■ WHAT IS NEEDED:
What lines below include the word "this"? Copy each one.

■ DATA:
Start of Block

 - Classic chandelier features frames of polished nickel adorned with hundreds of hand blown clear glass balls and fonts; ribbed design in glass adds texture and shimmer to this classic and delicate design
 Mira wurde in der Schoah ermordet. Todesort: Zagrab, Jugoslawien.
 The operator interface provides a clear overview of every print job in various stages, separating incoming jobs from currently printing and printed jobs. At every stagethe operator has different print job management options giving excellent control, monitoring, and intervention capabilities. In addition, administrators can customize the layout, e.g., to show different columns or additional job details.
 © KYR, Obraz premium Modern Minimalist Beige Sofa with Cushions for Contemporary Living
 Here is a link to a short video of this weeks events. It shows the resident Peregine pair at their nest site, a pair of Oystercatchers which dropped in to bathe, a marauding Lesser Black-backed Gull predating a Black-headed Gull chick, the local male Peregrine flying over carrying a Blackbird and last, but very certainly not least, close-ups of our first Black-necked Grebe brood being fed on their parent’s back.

End of Block
Start of Block

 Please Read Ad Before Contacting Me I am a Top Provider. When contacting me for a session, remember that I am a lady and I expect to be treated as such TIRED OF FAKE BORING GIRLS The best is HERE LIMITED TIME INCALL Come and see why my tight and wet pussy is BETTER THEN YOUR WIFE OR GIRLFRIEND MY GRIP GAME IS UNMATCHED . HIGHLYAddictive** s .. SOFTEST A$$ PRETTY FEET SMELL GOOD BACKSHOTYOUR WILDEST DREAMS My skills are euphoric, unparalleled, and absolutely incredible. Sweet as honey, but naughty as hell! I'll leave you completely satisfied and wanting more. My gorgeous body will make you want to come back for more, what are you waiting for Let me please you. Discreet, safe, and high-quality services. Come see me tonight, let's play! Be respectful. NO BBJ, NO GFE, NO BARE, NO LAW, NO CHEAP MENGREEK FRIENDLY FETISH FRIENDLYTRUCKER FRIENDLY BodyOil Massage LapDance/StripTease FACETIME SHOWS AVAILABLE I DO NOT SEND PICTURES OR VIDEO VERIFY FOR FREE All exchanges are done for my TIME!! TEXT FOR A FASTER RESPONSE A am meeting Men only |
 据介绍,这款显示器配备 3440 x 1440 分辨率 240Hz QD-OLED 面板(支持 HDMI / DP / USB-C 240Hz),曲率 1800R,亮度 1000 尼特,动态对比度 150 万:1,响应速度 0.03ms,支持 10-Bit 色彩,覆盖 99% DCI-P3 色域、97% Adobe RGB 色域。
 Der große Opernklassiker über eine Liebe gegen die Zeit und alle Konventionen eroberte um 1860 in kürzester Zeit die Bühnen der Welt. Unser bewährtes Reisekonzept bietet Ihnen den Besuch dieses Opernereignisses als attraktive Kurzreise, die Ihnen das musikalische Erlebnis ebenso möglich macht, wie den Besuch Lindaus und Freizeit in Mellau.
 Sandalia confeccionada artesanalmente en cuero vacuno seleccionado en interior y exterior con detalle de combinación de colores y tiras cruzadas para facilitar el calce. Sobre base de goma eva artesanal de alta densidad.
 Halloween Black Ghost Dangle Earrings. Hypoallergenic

End of Block

■ EXERCISE ANSWER:
 - Classic chandelier features frames of polished nickel adorned with hundreds of hand blown clear glass balls and fonts; ribbed design in glass adds texture and shimmer to this classic and delicate design
 Here is a link to a short video of this weeks events. It shows the resident Peregine pair at their nest site, a pair of Oystercatchers which dropped in to bathe, a marauding Lesser Black-backed Gull predating a Black-headed Gull chick, the local male Peregrine flying over carrying a Blackbird and last, but very certainly not least, close-ups of our first Black-necked Grebe brood being fed on their parent’s back.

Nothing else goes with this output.